Hi Julia community!

I need help on speeding up a function with parallelization. Here’s a MWE.

```
using Distributed; n_cores = 3; addprocs(n_cores)
@everywhere using SharedArrays, BenchmarkTools
M = 10000; N = 10000; k = 2; mu = rand(N, 1)
U1 = SharedArray{Float32}(rand(M, N))
U2 = SharedArray{Float32}(rand(M, N))
idv_d = SharedArray{Float32}(N, M)
d = SharedArray{Float32}(M, 1)
function get_d!(U1, U2, mu, k, d, idv_d)
fill!(idv_d, 0.0)
@inbounds @sync @distributed for j in 1:N
u_1, arg_1 = findmax(@view U1[:, j])
u_2, arg_2 = findmax(@view U2[:, j])
if u_1 >= u_2
idv_d[j, arg_1] = mu[j]
else
idv_d[j, arg_2] = mu[j] ./ k
end
end
@inbounds @sync @distributed for j in 1:M
d[j] = sum(idv_d[:, j])
end
end
@btime get_d!(U1, U2, mu, k, d, idv_d)
```

`M`

and `N`

will be two large numbers (on the order of 10^6), and I intend to run this on clusters so `n_cores`

will be about 50-100. The function calculates aggregate demand given two utility matrices (`U1`

, `U2`

).
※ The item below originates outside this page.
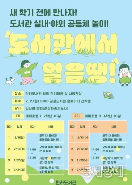 한라도서관은 9일부터 26일까지 예비 초등학교 1~4학년을 대상으로 어린이 공동체 놀이 프로그램 ‘도서관에서 얼음땡!’을 운영한다.

The only output that I’m interested in is `d`

not `idv_d`

, but I don’t see a fast way to get `d`

with parallelization without calculating `idv_d`

first.

I have tried to optimize the code for a while and this is the best I can come up with. I noticed that looping over columns helps a lot. However, I wonder whether I’m leaving some performance on the table. Are there any ways to speed this up? I have no concerns about readability. Would really appreciate any help!